Wednesday, May 20, 2026

Not Fade Away (David Chase, 2012)

Bella Heathcote and John Magaro in Not Fade Away

Cast: John Magaro, Jack Huston, Will Brill, Bella Heathcote, James Gandolfini, Brad Garrett, Christopher McDonald, Isiah Whitlock Jr., Dominique McElligott, Molly Price, Meg Guzulescu, Gerard Canonico. Screenplay: David Chase. Cinematography: Eigil Bryld. Production design: Ford Wheeler. Film editing: Sidney Wolinsky. 

David Chase created The Sopranos, one of the greatest dramatic TV series of all time, rich in character and incident, with a superb evocation of a particular milieu. But what makes a series work doesn't necessarily make for a successful movie. Not Fade Away gives us a portrait of a corner of suburban New Jersey in the 1960s, with a youth culture at odds with the older generation and the Vietnam War seething in the background. The central story is that of Doug Damiano (John Magaro), who begins the film as a high school kid intoxicated with rock 'n' roll, especially after the emergence of the Beatles and the Rolling Stones. He and his friends Gene (Jack Huston) and Wells (Will Brill) start a band, and he gets a girlfriend, Grace (Bella Heathcote). Doug is at odds with his father, Pat (James Gandolfini) over his hair and his music, especially after Doug drops out of college to try to make it in the record business. It might have made a good TV series, but Chase fails to give it shape and coherence as a film, tossing in scenes that don't work with the main story, such as a needlessly included encounter of the young Mick Jagger and Keith Richards on a train at the start of the film. He occasionally inserts a narrative voiceover by a secondary character whose identity isn't revealed until the very end, and then to no great point. There are some good performances by Magaro, Huston, and Gandolfini, but the movie's lack of focus and narrative drive undermines them.

Tuesday, May 19, 2026

The Revolt of Mamie Stover (Raoul Walsh, 1956)

Jane Russell in The Revolt of Mamie Stover (Raoul Walsh, 1956)

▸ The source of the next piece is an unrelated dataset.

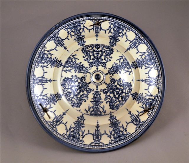 LAMPE DE SANCTUAIRE ronde en faïence, à trois chaînes, terminée par une pomme de pin, de forme aplatie et évasée. Décor en camaïeu de bleu sur fond blanc "à la Bérain" dans le goût de Moustier.

Cast: Jane Russell, Richard Egan, Joan Leslie, Agnes Moorehead, Jorja Curtright, Michael Pate, Richard Coogan, Alan Reed. Screenplay: Sydney Boehm, based on a novel by William Bradford Huie.  Cinematography: Leo Tover. Art direction: Mark-Lee Kirk, Lyle R. Wheeler. Film editing: Louis R. Loeffler.  Music: Hugo Friedhofer. 

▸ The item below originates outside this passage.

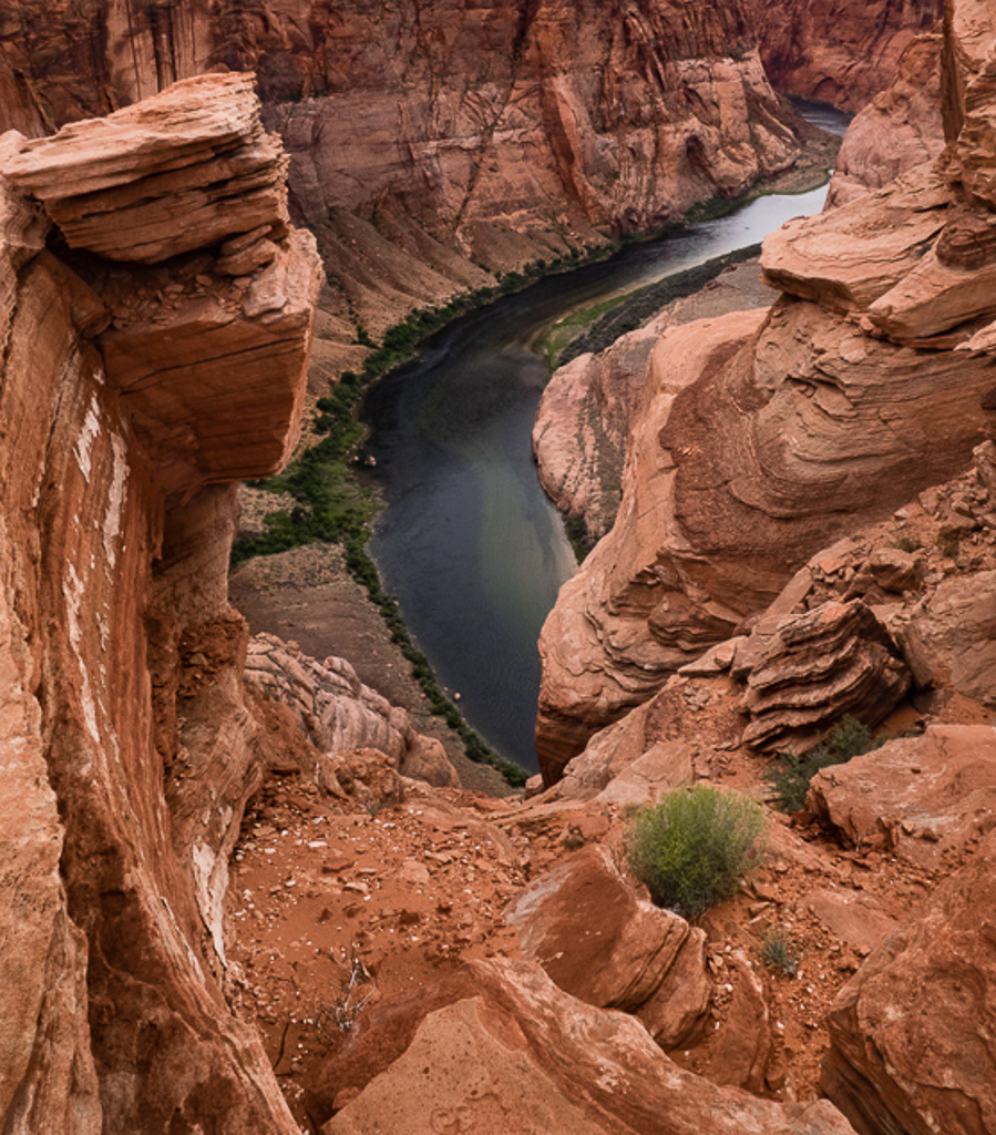 Three great things jump out at me from this image: the colors of rust and green; the swirled edges of the cliff imparting a real dynamism to the image; and the S curve of the river drawing the eye through the image to the horizon. Great job! Nice touch of the little green shrub - alleviates all the rusty red of the rock. Since the sky is not that interesting, wondered what it would look like without it? - see VF. |

Loosely based on a novel that was loosely based on the memoirs of the sex worker Jean O'Hara, Raoul Walsh's The Revolt of Mamie Stover is one of those dodges around the Production Code that kept cropping up in the 1950s. Set mostly in Honolulu before and after the Pearl Harbor attack, it's the story of a woman who parlayed her earnings as a "dance-hall hostess" into a fortune by buying up real estate when people fled the island at the start of the war and leasing it to the military. Jane Russell got the role of Mamie Stover -- which was one of O'Hara's actual pseudonyms after Marilyn Monroe, originally cast in the part, rebelled against her 20th Century Fox contract, and Rita Hayworth, Susan Hayward, and Lana Turner were considered. It's a perfect fit for Russell. The movie is nothing special, but it's directed efficiently by Walsh, and has solid action scenes during the Pearl Harbor bombing, and colorful views of Hawaiian scenery.